WTF is a blockchain?
(This will be part one of a series because there are many aspects of "blockchain" to consider. Here I will start with "blockchain as a data structure" in the context of Bitcoin. The next post will consider "blockchain as a technology".)
A blockchain is a chain of blocks.
💯A blockchain is a type of data structure uses a chain of blocks to manage circulation of digital currencies such as Bitcoin, Litecoin, and Ethereum (to name 3 of thousands).
WTF is a data structure?
💯A data structure in computer science refers to the format that we use to hold data.
For example, let's say that our data is names of people. We can hold the data in a list format using a data structure called an ArrayList:
[Alice, Bob, India, Grayson, Latoya, Ivan, Stacey, Treyvon]
Imagine that this list of names actually represents a genealogy. We could use a different data structure to indicate the relationships between each of the names. A good way to do that would be using a LinkedList:
Now we have a data structure to which we can apply some meaning--"Alice was the child of Bob, Bob was the child of India, India was the child of Grayson, Grayson was the child of Latoya, Latoya was the child of Ivan, Ivan was the child of Stacey, and Stacey was the child of Treyvon."
💯A blockchain is very similar to a LinkedList. Each item in the the list is called a block and the blocks are linked together to form a chain.
WTF is a block?
💯A block is a data structure that acts as a container to hold transactions. Every block has two parts:
- The block header
- A Merkle tree
WTF is the block header?
💯The block header contains metadata (aka summarizing information) about the block. The most pertinent metadata are:
- the hash of the previous block that this block is linked to
- the "Merkle root", which is the name for the label that references this block's Merkle tree
WTF is a hash?
💯A hash is what we call the output of a hash function. Blockchains use cryptographic hash functions to produce hashes.
WTF is a cryptographic hash function?
💯A cryptographic hash function takes some input and produces an output that is a unique identifier for the input. If we use the sha256 hash function, every time we hash the name Alice as an input, we will get 3bc51062973c458d5a6f2d8d64a023246354ad7e064b1e4e009ec8a0699a3043 as an output.
hash_sha256("Alice") = '3bc51062973c458d5a6f2d8d64a023246354ad7e064b1e4e009ec8a0699a3043'
Hashes are useful because they allow us to efficiently identify data of any type or size.

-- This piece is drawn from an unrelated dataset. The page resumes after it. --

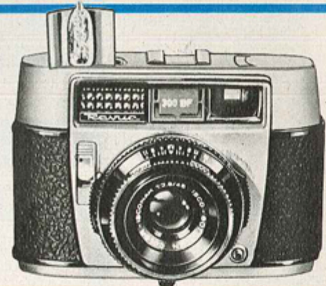
Preis- senkung! ⑥ REVUE 300 BF 129.- Anz. 13.-
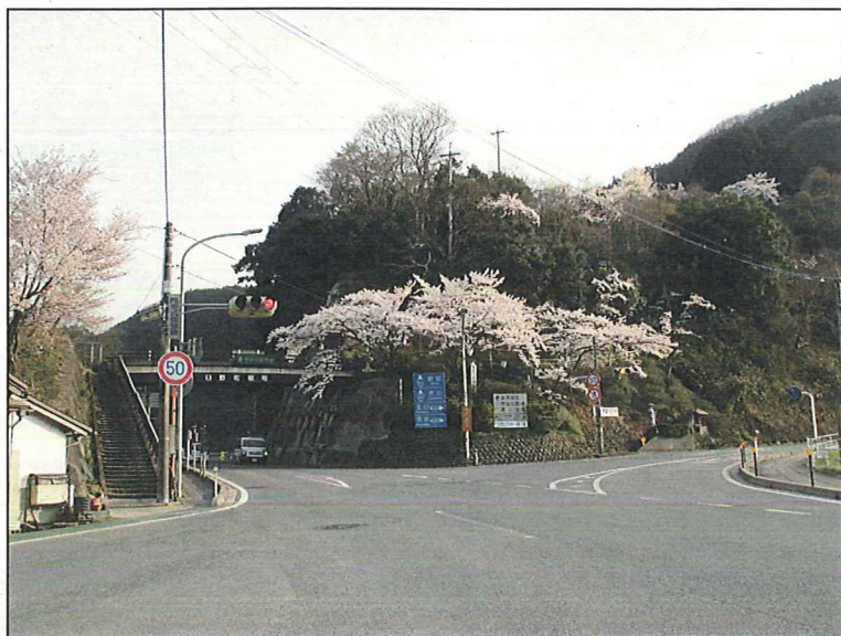
塔の峰公園 徒歩圏内

In a blockchain, every block is hashed and the hash output is placed in the header of the block that comes after it. This defines our linkage relationship between blocks. Now we can add more detail to our blockchain visual:
block4 block3 block2 block1 |header4 | |header3 | |header2 | |header1 | | hash(block3)| -> | hash(block2)| -> | hash(block1)| -> | hash(nothing)| | Merkle root4| | Merkle root3| | Merkle root2| | Merkle root1 | |Merkle tree4 | |Merkle tree3 | |Merkle tree2 | |Merkle tree1 |
Note: This is similar to our genealogy example, in the sense that the left-most block is the "youngest" (i.e. was added to the blockchain most recently) and the right-most block is the "oldest".
WTF is a Merkle tree?
💯A Merkle tree (also called hash tree) is a binary tree data structure where all of the leaves are transactions and everything else in the tree (the non-leaves) are hashes of the child items below them. The top-most item in the Merkle tree is called the Merkle tree root or "Merkle root".
WTF is a binary tree?
💯A binary tree is a data structure where each item, called a node, can have no more than two direct descendants (aka children) that link to it. The linkages are very similar to the ones we saw with the LinkedList. An example of a binary tree could look like this:
[Treyvon] ^ ^ / \ [Stacey] [Sean] ^ ^ ^ ^ / \ / \ [Ivan] [Imani] [Maisie] [Matthew]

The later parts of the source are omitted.